Only with a relatively high CV (compared to the one of AUC) you may face a situation where you have to base the sample size on Cmax.

previous section ↩︎

Multiple Treatments

    

In the most simple case one may compare two test treatments to one reference and want to demonstrate equivalence of both. The well-known Bon­ferroni-adjustment can be used \[\begin{equation}\tag{6} \alpha_\textrm{adj}=\alpha\,/\,k \end{equation}\] where \(\small{k}\) is the number of simultaneous tests. The Type I Error \(\small{TIE}\) will always be controlled because \[\begin{equation}\tag{7} TIE=1-{(1-\alpha_\textrm{adj})}^k \end{equation}\] For \(\small{\alpha=0.05}\) and \(\small{k=2}\) we get \(\small{0.049375<\alpha}\).

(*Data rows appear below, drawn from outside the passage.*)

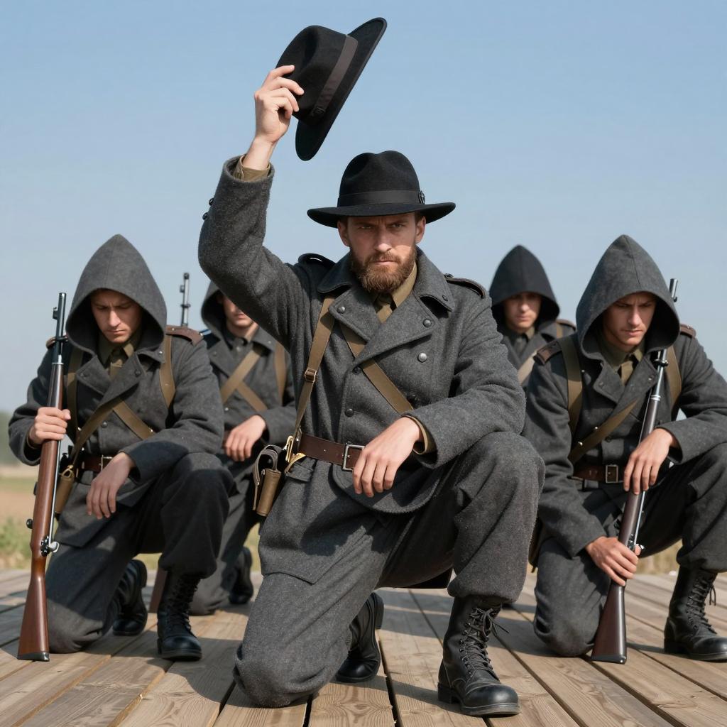 Photograph of five male soldiers in World War II uniforms, one man with a beard in a brown uniform stands to the right, holding a door open. Four soldiers with rifles and caps stand to the left, looking at the man entering. The man entering has a serious expression, bending forward slightly. Background includes a weathered building with a metal roof and stone wall.
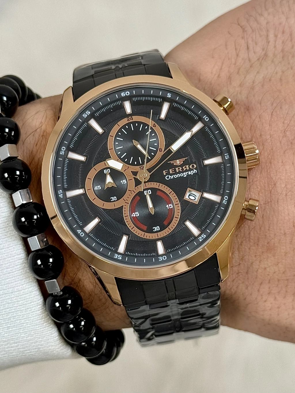 Ferro FM31277A-R Black Steel Strap Men's Wristwatch at Ferro Time
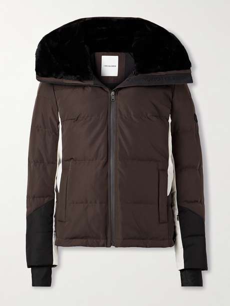 Yves Salomon's jacket is equal parts chic and practical. It's made from wind- and water-resistant shell in a palette of dark-brown, black and cream and has a plush shearling collar and detachable hood.
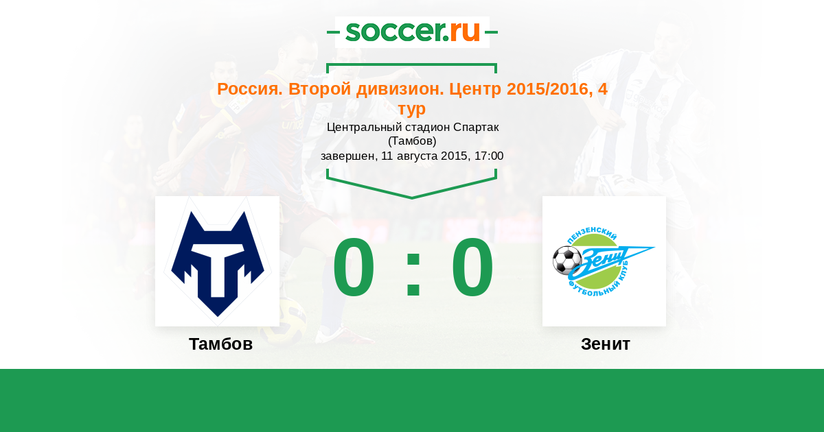 Россия. Вторая лига. Группа 3 16.08.2014 Тамбов Логотип футбольный клуб Тамбов 1:1 Логотип футбольный клуб Зенит (Пенза) Зенит

Of course, all comparisons in the study should be done by \(\small{100\,(1-2\,\alpha_\textrm{adj})}\) confidence intervals.

Extending the basic example and using the argument alpha:

k         <- 2        # comparisons
alpha.adj <- 0.05 / k # Bonferroni
sampleN.TOST(alpha = alpha.adj, CV = 0.45,
             theta0 = 0.95, targetpower = 0.80,
             design = "2x2x4")
# 
# +++++++++++ Equivalence test - TOST +++++++++++
#             Sample size estimation
# -----------------------------------------------
# Study design: 2x2x4 (4 period full replicate) 
# log-transformed data (multiplicative model)
# 
# alpha = 0.025, target power = 0.8
# BE margins = 0.8 ... 1.25 
# True ratio = 0.95,  CV = 0.45
# 
# Sample size (total)
#  n     power
# 52   0.813541

The sample size increased by ~10% from the 42 subjects required in a single comparison.

If all treatments should be tested for equivalence (say, T1 v.s. R, T2 v.s. R, and T2 v.s. T1), naturally the sample size increases further.

k         <- 3        # comparisons
alpha.adj <- 0.05 / k # Bonferroni
sampleN.TOST(alpha = alpha.adj, CV = 0.45,
             theta0 = 0.95, targetpower = 0.80,
             design = "2x2x4")
# 
# +++++++++++ Equivalence test - TOST +++++++++++
#             Sample size estimation
# -----------------------------------------------
# Study design: 2x2x4 (4 period full replicate) 
# log-transformed data (multiplicative model)
# 
# alpha = 0.01666667, target power = 0.8
# BE margins = 0.8 ... 1.25 
# True ratio = 0.95,  CV = 0.45
# 
# Sample size (total)
#  n     power
# 58   0.812372
    

With an increasing number of comparisons, the Bon­ferroni-adjustment quickly becomes overly conservative. Another issue is that the tests are not strictly independent (at least when we compare different tests to the same reference treatment some – unknown – correlation exists). More powerful methods (Holm, Hoch­berg, …) are out of scope of this article.

previous section ↩︎

NTIDs

    

So far we employed the common (and hence, default) BE-limits theta1 = 0.80 and theta2 = 1.25. In some jurisdictions tighter limits of 90.00 – 111.11% have to be used.19

Generally NTIDs show a low within-subject variability (though the between-subject CV can be much higher – these drugs require quite often dose-titration).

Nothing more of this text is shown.